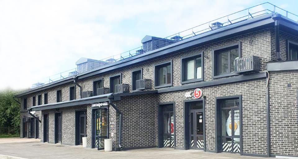 Отделка фасадов выполнена панелями с имитацией клинкерного кирпича. Дополнительно на территории организованы зоны отдыха, имеется возможность для организации летних веранд и кафе.
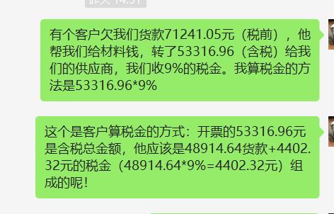 按照你的客户的算法的那,53316.96是含税,你要做价税分离的, 价款=53316.96/(1+9%)=48914.64 增值税税=4402.3176 是这样算的那。
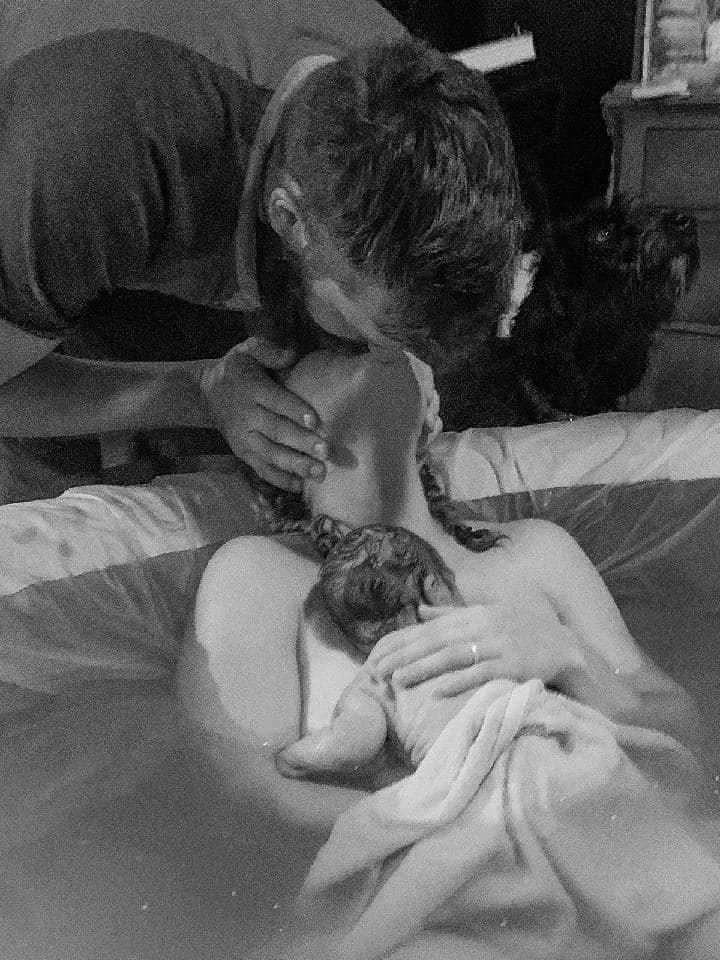 Breathing got deeper through my nose and my picture words and affirmations got louder, longer and more intense but I worked through them all with an open heart and mind reminding myself this is what my body is good at and meant to do. My midwife came at 11 and checked me. I didn’t want to know but I did… I was 8cm and nicely thinned and ready to go. Soulja and second midwife came shortly after. I wanted my water to break naturally and I have wanted a water birth with all my children and have yet to have one. So, I borrowed a pool from a friend and as soon as it was set up, they got me in it. A word I added at this time was “Relax” it helped me get through the stronger waves as I also focused on my doula and watched her say affirmations with me. While hubby stroked my back, my doula touched my shoulder and stroked my arm as I worked through them.
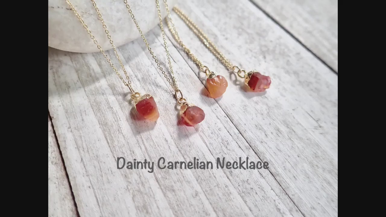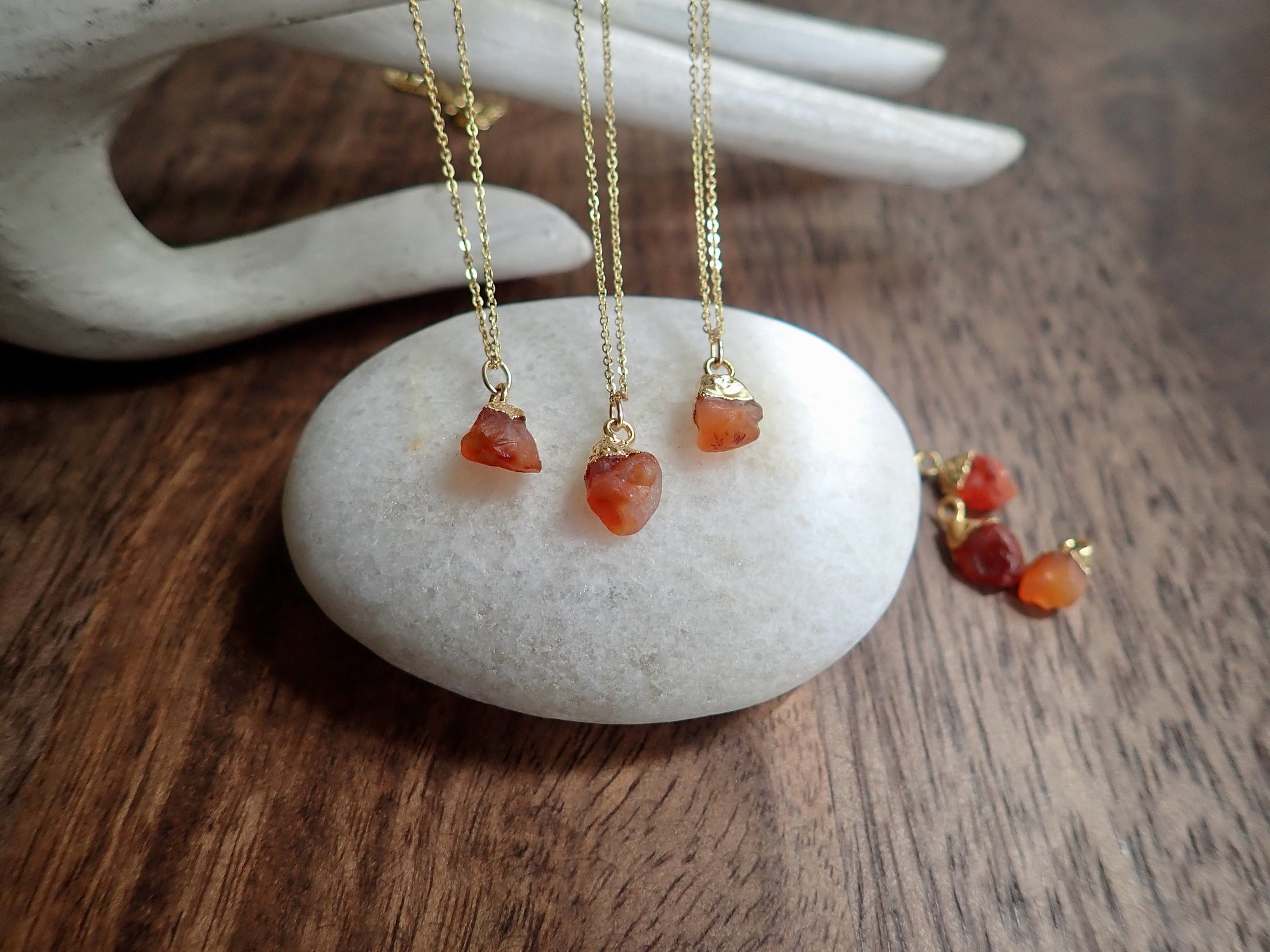 Raw Carnelian Pendant Necklace – 18k Gold Chain & 14k Gold Detailing
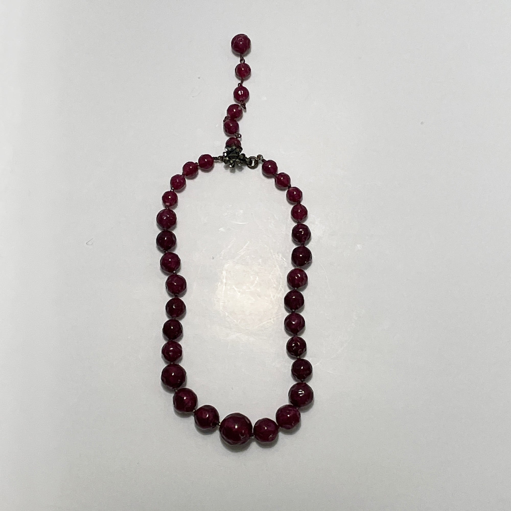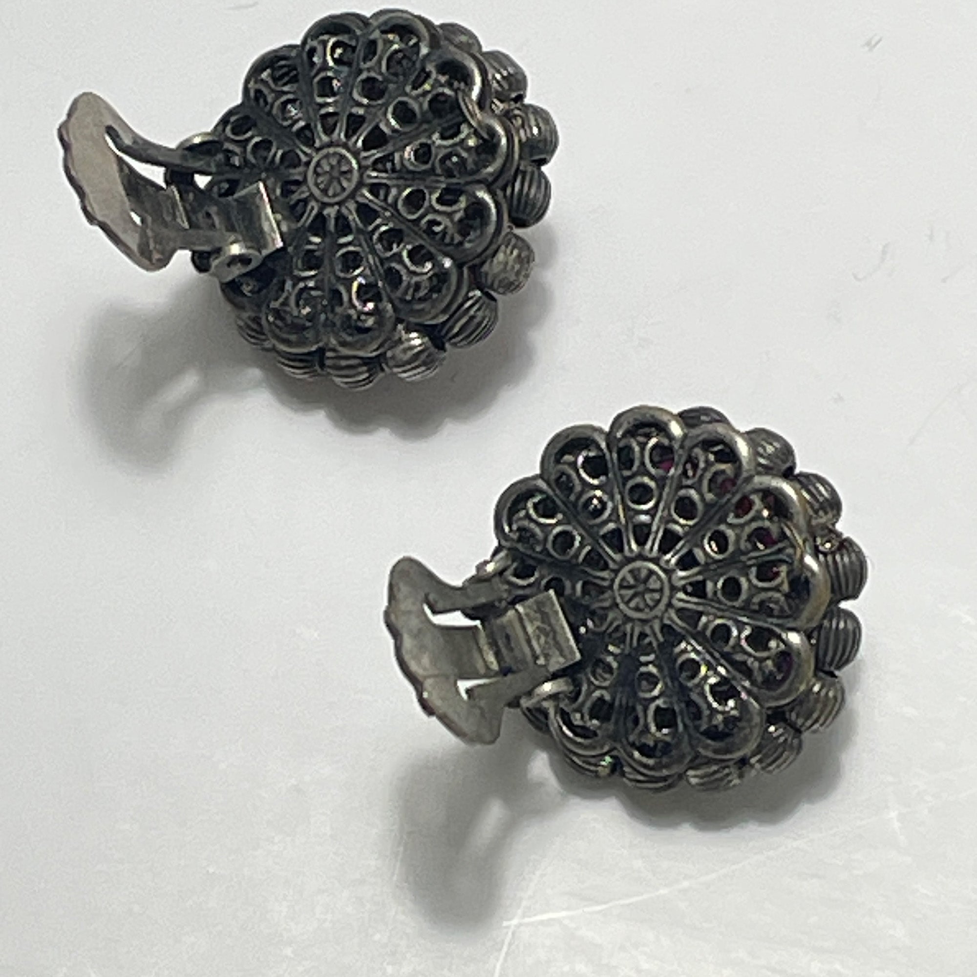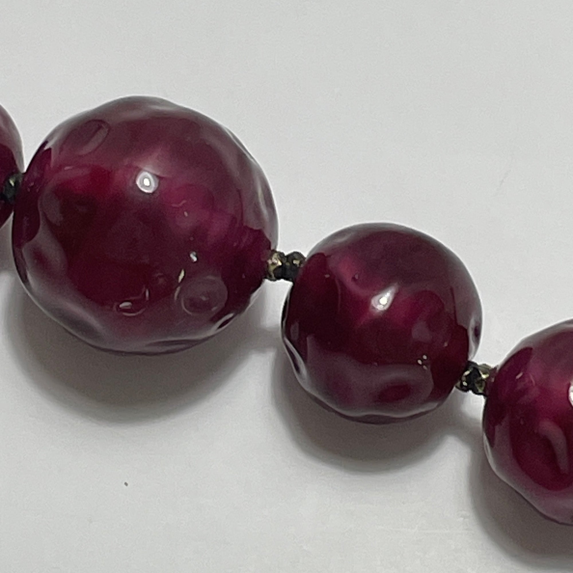 This stunning Miriam Haskell choker style necklace is strung in graduated plum colored poured glass beads. The hook clasp is decorated with intricate metal work. The earrings have the same gripoix beads with intricate metal work surrounding the bead.

**REQUIRED ACTION**
Restate exactly, please, only the lines between the start of the data and the line containing "价款=53316.96/(1+9%)=48914.64 增值税税=4402.3176 是这样算的那。", both ends included, skipping the pictures.

**ANSWER**
 Отделка фасадов выполнена панелями с имитацией клинкерного кирпича. Дополнительно на территории организованы зоны отдыха, имеется возможность для организации летних веранд и кафе.
 按照你的客户的算法的那,53316.96是含税,你要做价税分离的, 价款=53316.96/(1+9%)=48914.64 增值税税=4402.3176 是这样算的那。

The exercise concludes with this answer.